## Exercise aim
Repeat exactly the lines of the records below, starting at the line containing "7118與5711看起來有點" and ending at the line containing "Diese 125-g-Packung enthält". Leave the pictures out.

(Stored items)
◆ ◆ ◆ ◆ ◆ ◆ ◆

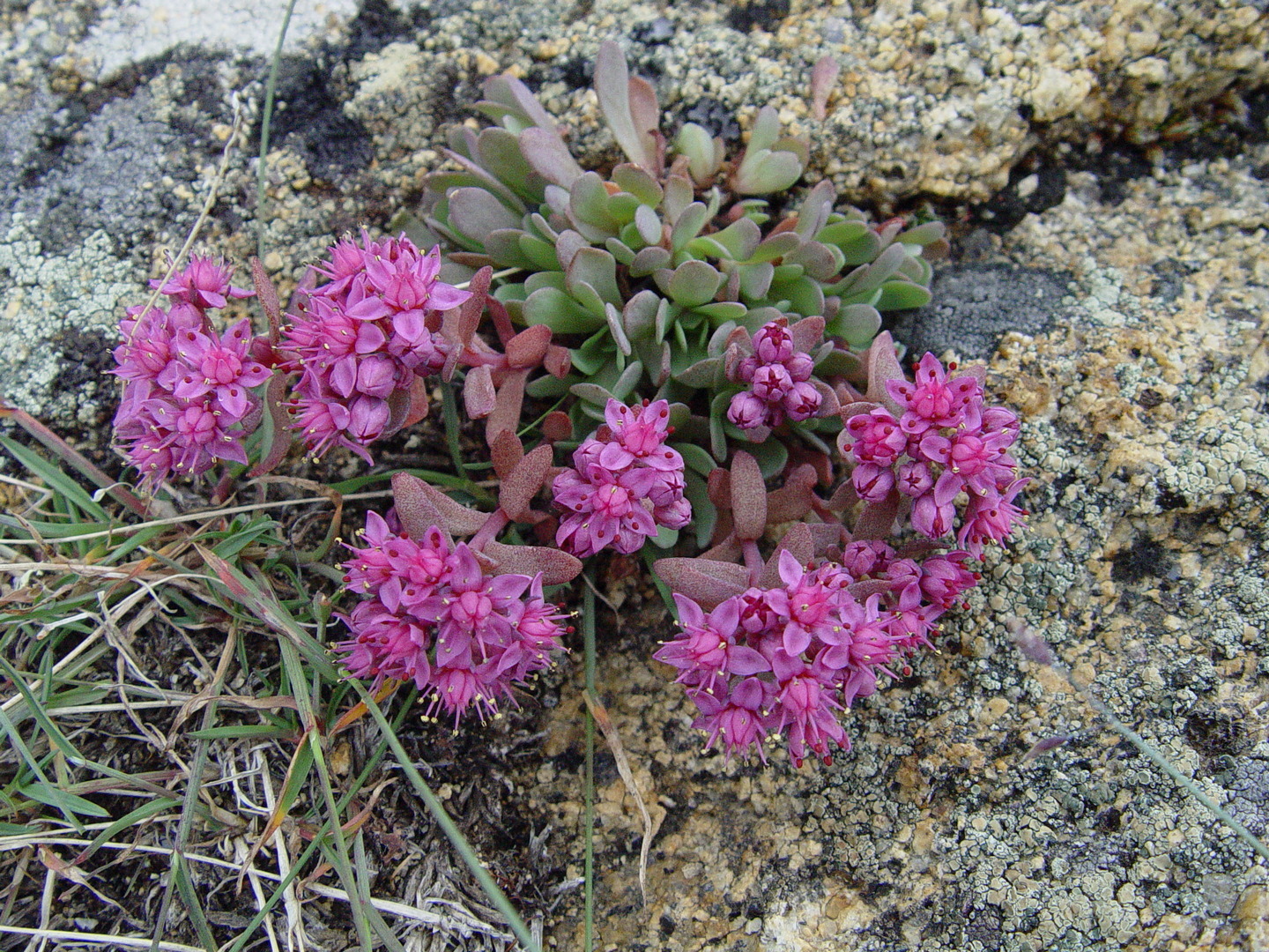Описание. Растение высотой до 8 (иногда 12) см, образующее рыхлые дерновинки. Побеги многочисленные, стелющиеся, укореняясь, формируют разветвленное корневище. Листья сидячие, очередные или сближенные, утолщенные. Соцветие в виде рыхлого щитка, цветки фиолетово-синие. Очиток синий цветет в начале июля, плодоносит в конце августа.
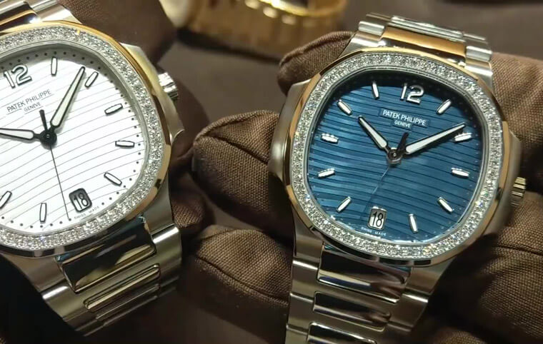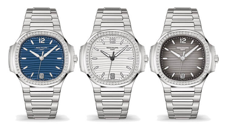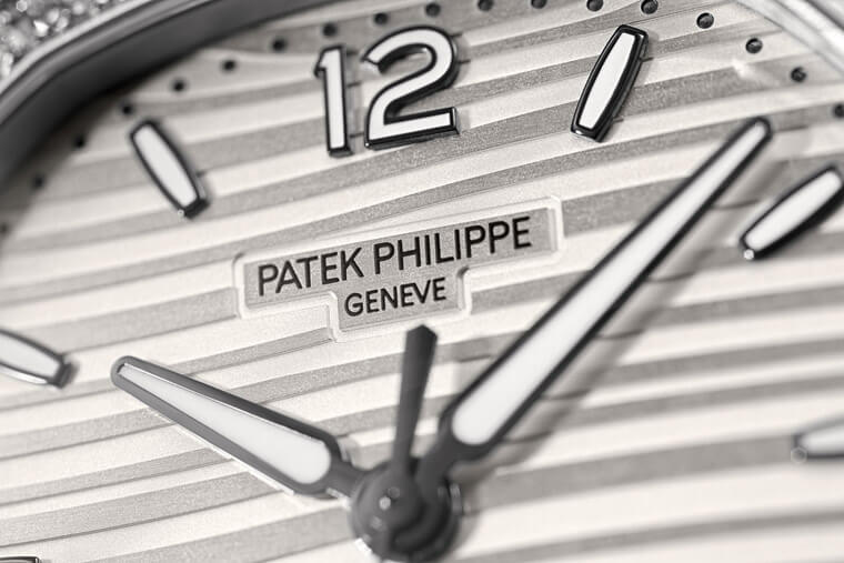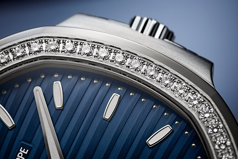 7118與5711看起來有點像但又並非只是把錶徑縮小如此簡單,仔細觀察7118與5711,會發現前者的時標做得比較纖細,12點方向設有阿拉伯數字時標,日期放在六點鐘方向也與男錶放在三點鐘方向不同。手錶兩側的錶耳不鏽鋼結構、以及面盤上的水波紋路令人聯想起船隻舷窗,這點又跟男錶那種水平紋路同中求異。而雖然7118/1200A的材質選用不鏽鋼製作,但經典的圓滑八角形錶殼讓看似結構結實的骨架,帶有優雅的味道,別忘了百達翡麗還在錶圈鑲上56顆鑽石,這使得單純的不鏽鋼錶殼多少帶點小騷包的華麗光芒。
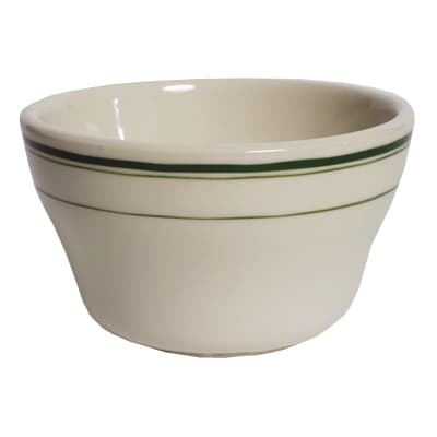 Allow your guests to sip hot soup from this 8 ounce bouillon cup from Tuxton®. It is part of the Green Bay series and is eggshell in color with green bands around the edge. This bouillon cup is perfect for use in restaurants or diners.
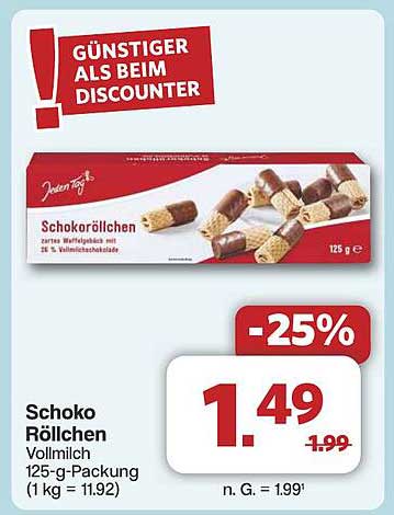 Diese 125-g-Packung enthält frisch verpackte Schoko Röllchen, die aus hochwertigen Zutaten hergestellt werden. Die Waffeln sind besonders knusprig und die Vollmilchschokolade schmilzt förmlich im Mund. Der Preis pro Kilogramm beträgt lediglich 11,92 €, was eine tolle Ersparnis darstellt.
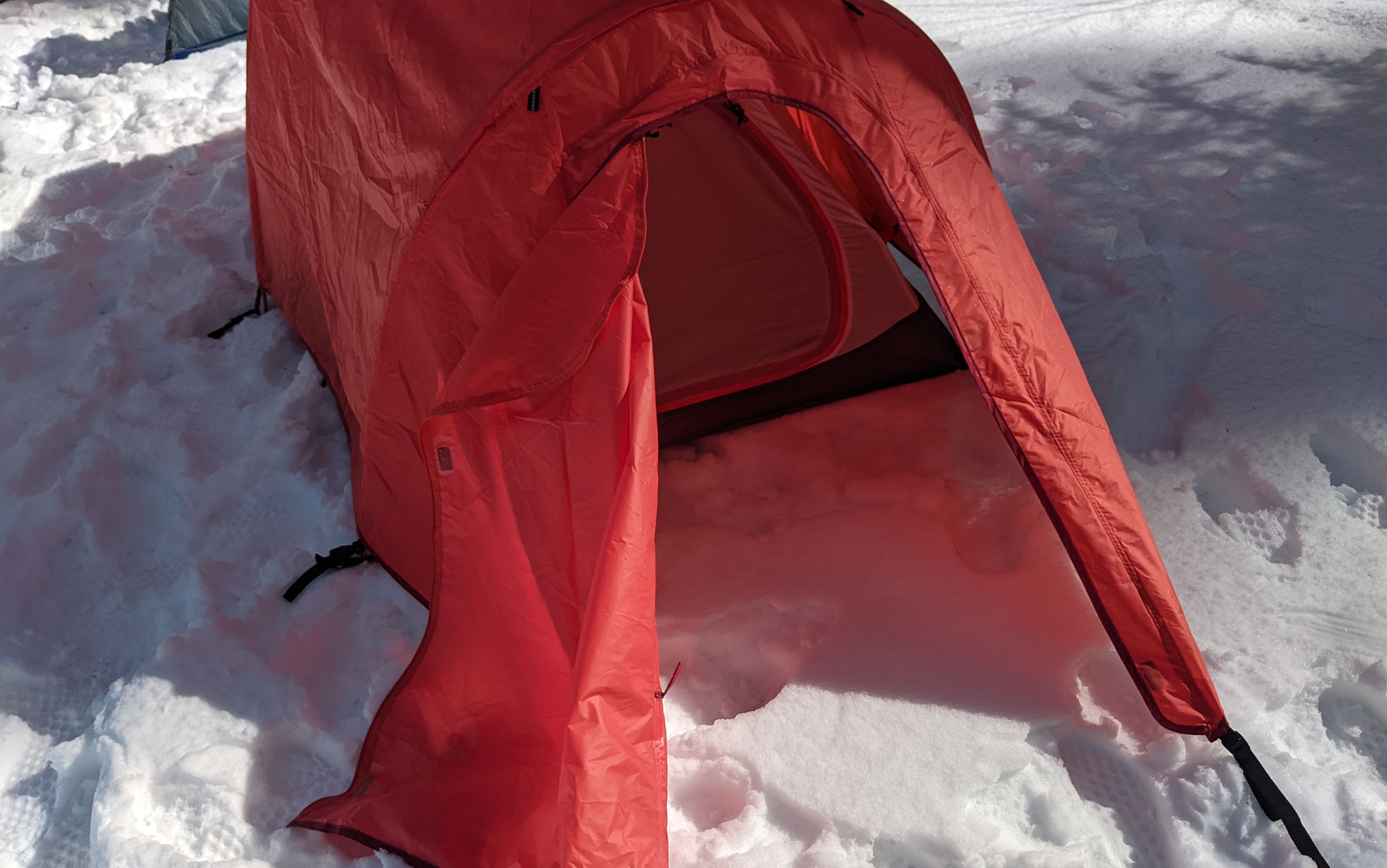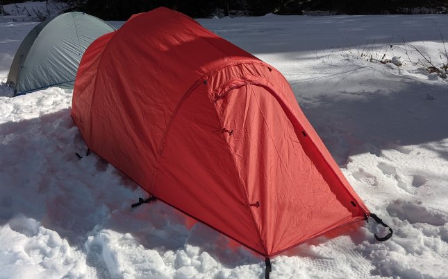 I’ve used non-freestanding tents for backpacking for years, but never for winter camping. In my experience, it’s basically inevitable with a non-freestanding tent that at some point one of your stakes is going to get kicked up by an unusually strong gust of wind—if that happens to enough stakes your tent collapses on you and you need to spend a few minutes outside dealing with the situation. The more you use your tent, of course, the less this happens, but it can be a steep learning curve.
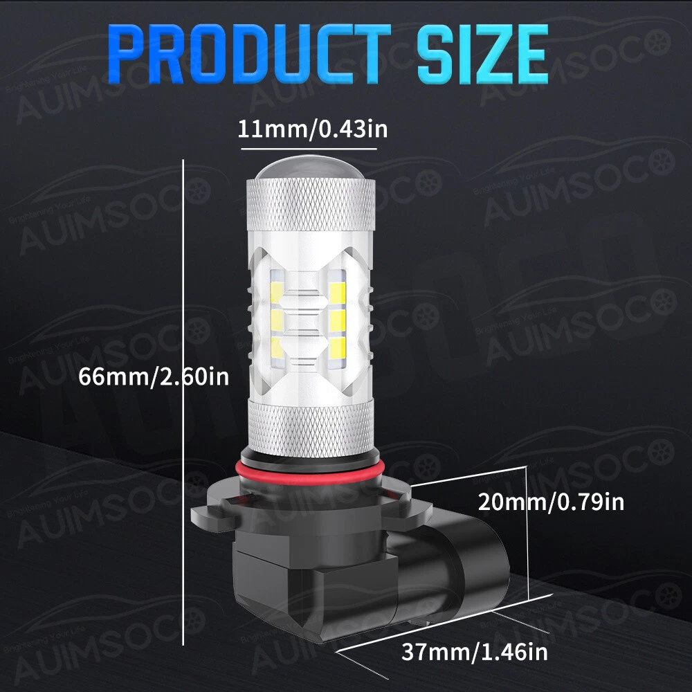 AUIMSOCO Authorized Store on eBay 3570 Series Cold White LED Headlight Bulb Conversion Kit 1 x Pair 9005 Headlight Replace Halogen High Beam 1 x Pair 9006 Headlight Replace Halogen Low Beam LED Headlight Bulb: Bulb Size: 9005 9006 Plug Type: High Beam / Low Beam Power: 40W/per pair Luminous Flux: 4000LM/per pair Operating Voltage: DC 9-32V(fit 12V,24V vehicles) Color Temperature: White 6000K IP68 rated water and dust seal,360 degree beam angle Material: Aviation 6063 aluminum profile Operating Temperature: -40-80 degree Celsius Fanless: yes, no noise Over 50000hrs lifetime Warranty: 1 years warranty Usage: headlight og Light Specification: Bulb Size: H10/9145 Usage: LED Fog Light Voltage: DC 12V-24V Power: 30W/per pair Lumen: 3000LM/per pair Color Temperature: 6000K LED Chips: AUIMSOCO customized LED chips Material: Heatsink aluminum shell Fanless: yes, no noise Lifespan: 50,000 hours Waterproof Rate: IP67 Warranty: 1 years warranty Color Temperature: 6000K Clear White Lifespan: 50,000 working hours, stable quality, long service life Aluminum heat sink design,built-in automotive circuit to prevent electronic interference. The model is the same as factory light, no need to change car wire rute,just Plug and Play, NO modification required Energy saving, environmental protection, Stable performance, through strict test, Use safer driving in the car Warm Tips: This model comes in multiple models, If you are not sure about the bulb size, please send us your vehicles' make/model/year via ebay message to confirm with us before purchasing. Any questions please feel free to contact us, we will help you solve it. Package include: 6x LED Headlight Bulbs 9005 (High Beam) + 9006 (Low Beam) + H10/9145 (Fog Light) Randomly send new and old packaging boxes

◆ ◆ ◆ ◆ ◆ ◆ ◆

## Answer to this task
 7118與5711看起來有點像但又並非只是把錶徑縮小如此簡單,仔細觀察7118與5711,會發現前者的時標做得比較纖細,12點方向設有阿拉伯數字時標,日期放在六點鐘方向也與男錶放在三點鐘方向不同。手錶兩側的錶耳不鏽鋼結構、以及面盤上的水波紋路令人聯想起船隻舷窗,這點又跟男錶那種水平紋路同中求異。而雖然7118/1200A的材質選用不鏽鋼製作,但經典的圓滑八角形錶殼讓看似結構結實的骨架,帶有優雅的味道,別忘了百達翡麗還在錶圈鑲上56顆鑽石,這使得單純的不鏽鋼錶殼多少帶點小騷包的華麗光芒。
 Allow your guests to sip hot soup from this 8 ounce bouillon cup from Tuxton®. It is part of the Green Bay series and is eggshell in color with green bands around the edge. This bouillon cup is perfect for use in restaurants or diners.
 Diese 125-g-Packung enthält frisch verpackte Schoko Röllchen, die aus hochwertigen Zutaten hergestellt werden. Die Waffeln sind besonders knusprig und die Vollmilchschokolade schmilzt förmlich im Mund. Der Preis pro Kilogramm beträgt lediglich 11,92 €, was eine tolle Ersparnis darstellt.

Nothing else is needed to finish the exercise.